Es claro entonces que después de la
firma del Acuerdo Final en La Habana, entre el Estado y las entonces Farc-Ep,
social y políticamente la lucha armada que aún sostienen las disidencias, la
Segunda Marquetalia y el ELN, perdió sentido ante la opinión pública e incluso
ante esa parte del establecimiento que de tiempo atrás usó a su favor la
operación militar de las guerrillas, para consolidarse, a pesar de su histórica
y evidente ilegitimidad.
El respaldo de organismos
internacionales a los diálogos que se adelantan entre el actual gobierno y el
ELN está fundamentalmente dado por los intereses económicos que se despiertan
cuando un país biodiverso, con un Estado que arrastra problemas de control
territorial como el colombiano y cuyo desarrollo económico está atado a la
lógica extractivista, alcanza niveles óptimos de pacificación. Ese es un factor
que juega a favor de los elenos por cuanto la discusión del cambio del modelo económico
los legitima como organización político-militar.

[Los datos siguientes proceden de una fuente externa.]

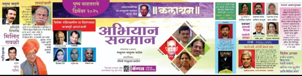 ‘ या संस्थेच्या वतीने प्रत्येक महिन्याला ‘अभियान सन्मान’ हा उपक्रम राबवला जातो. मंगळवार ३० डिसेंबर सायंकाळी ४ वाजता. पु. ल. देशपांडे महाराष्ट्र कला अकादमी, रवींद्र नाट्य मंदिर, चौथा मजला येथे होणारे हे ७२ वे पुष्प आहे. डिसेंबर महिन्यात दिवंगत झालेल्या प्रज्ञावंतांचे स्मरण आणि तसे कार्य करणाऱ्या गुणीजनांना ‘दखलपत्र’ देऊन त्यांचा सन्मान करणारा हा उपक्रम असतो. ही संस्था स्वातंत्र्यसैनिक डॉ. पशुराम पाटील कला केंद्राच्या अंतर्गत कार्य करते. अभिनेते, दिग्दर्शक मिलिंद गवळी यांच्या उपस्थितीत हा कार्यक्रम होणार आहे. यात प्रामुख्याने लेखक, साहित्यिक आदिनाथ हरवंदे, अभिनेते राजशेखर, आदर्श गृहिणी वैजयंता डाळे, आदर्श श्रमिक पांडुरंग परब, आदर्श गृहिणी रुक्मिणी परब यांचे स्मरण होणार आहे. यांच्या नावाचे ‘दखलपत्र’ लेखक संजीव पाध्ये, अभिनेते विजय निकम, आदर्श गृहिणी चंद्रकला वास्कर, कामगार सुपुत्र ढोलकीसम्राट ज्ञानेश्वर ढोरे यांना दिले जाणार आहेत. हेच निमित्त घेऊन प्रत्येक महिन्याला महाराष्ट्राचे नाव उज्वल करणाऱ्या प्रज्ञावंतांना प्रत्यक्ष कलाकृती सादर करून आदरांजली वाहिली जाते. डिसेंबर महिन्यातील स्मृतिदिनाचे निमित्त घेऊन अभिनेते रवी पटवर्धन यांना ‘शब्दांजली’ वाहिली जाणार आहे. त्यासाठी गप्पागोष्टीचे सादरकर्ते जयंत ओक हे येणार आहेत. प्रत्येक महिन्याला अभिनव स्पर्धा घेण्यात येते. यंदा सुद्धा ६६ वी स्पर्धा ‘सरले वर्ष, कोणी वेधले लक्ष’ ही स्पर्धा घेण्यात आली होती. ही स्पर्धा सामाजिक कार्यकर्ते, वादक कलाकार चंद्रकांत चव्हाण यांच्या स्मृतिदिनाच्या निमित्ताने घेण्यात आली होती. त्यांचे चिरंजीव अभिनेते, दिग्दर्शक संजीव चव्हाण यांचे मार्गदर्शन या स्पर्धेला लाभले होते. ज्येष्ठ पत्रकार सुरेंद्र गांगण यांनी स्पर्धेचे परिक्षक म्हणून काम पाहिले. सानिका पाटील, आदित्य धायगुडे, ऋचा हर्डीकर, रवींद्र आटे, सुजाता गोलतकर, हेमांगीनी दळवी, मृग्मयी मोडक सलोनी बोरकर आदींचा या कार्यक्रमामध्ये सहभाग असणार आहे. विशाल यादव हे संस्थेचे सन्माननीय सदस्य आहेत. ‘घुसमट’ आकांत अंतर्गत वादळाचा हे त्यांचे स्वअनुभवावरती लिहिलेले पुस्तक आहे. त्याचे प्रकाशन या सोहळ्यात होणार आहे. पत्रकार नंदकुमार पाटील हे या संस्थेचे संस्थापक, अध्यक्ष आहेत. नंदिनी पाटील या संचालिका आहे.

Al insistir en la idea de ajustar o
cambiar el modelo económico, lo que hace el ELN es remplazar la fantasiosa
narrativa del respaldo popular que ellos mismos usaron para validarse
políticamente. En eso llevan más de 50 años. Es decir, el Ejército de
Liberación Nacional reencaucha su lucha con la ayuda del gobierno de Gustavo
Petro que, en su afán de alcanzar la Paz Total, esto es, de superar lo hecho
por Juan Manuel Santos en términos de la pacificación política del país, le
aceptó la idea de discutir el modelo económico.
El carácter maximalista de la Paz
Total está haciendo posible que los costos sociales, expresados en la pérdida
de respaldo popular del ELN, por sus equivocadas acciones militares, remplacen
el valor político con el que esa guerrilla justificó su alzamiento armado, por
la importancia que les da ser la primera guerrilla que logra, con un gobierno,
discutir en una mesa de diálogo el modelo económico. Ahora bien, si juzgamos el
golpe de mano que propinó el ELN a los 9 soldados que estaban durmiendo y los
recientes atentados dinamiteros contra el oleoducto caño Limón-Coveñas, su
carácter revolucionario sigue agrietándose, porque dichas acciones no cuentan con
respaldo popular.
Al decir el gobierno de Petro que no
habrá líneas rojas para adelantar los
diálogos con ese grupo armado ilegal, da vida a dos caminos. Uno sinuoso que no
sabemos a dónde vaya a llevar al país y el otro, más de cálculo político por el
tiempo extremadamente largo que tomaría firmar un acuerdo de paz con una
guerrilla que insiste en cambiar, de un momento a otro, las complejas circunstancias históricas en
las que viene operando el Estado y la democracia.
Ese primer camino sinuoso nos puede
llevar a serios niveles de incertidumbre y de crisis política, derivada de las
discusiones y decisiones que se tomen en la mesa de diálogo en torno al modelo
económico; y el segundo camino, en el que podrían confluir tanto los
negociadores del gobierno, como los del ELN, tendría como fin que cualquiera de
las partes, después de varios años de negociación, decida unilateralmente
pararse de la mesa por no encontrar voluntad política en la contraparte para
avanzar en los ajustes al modelo económico.
Lo que está haciendo Gustavo Petro es
jugar con el respaldo político de esa parte del pueblo que votó por sus ideas.
Apoyo que, por supuesto, está alejado de cualquier intención de cambiar el
modelo económico porque subsiste la clara convicción de que bajo ese mismo
modelo se pueden solucionar los problemas del hambre, el desempleo, la
precarización laboral y la corrupción público-privada. Quizás porque el
problema no está en el modelo económico, sino en el modelo de sociedad y
Estado, por cuenta de una élite mafiosa,
torpe y criminal que desde hace más de 30 años logró capturar el Estado, para
ponerlo al servicio de su avaricia y mezquindad.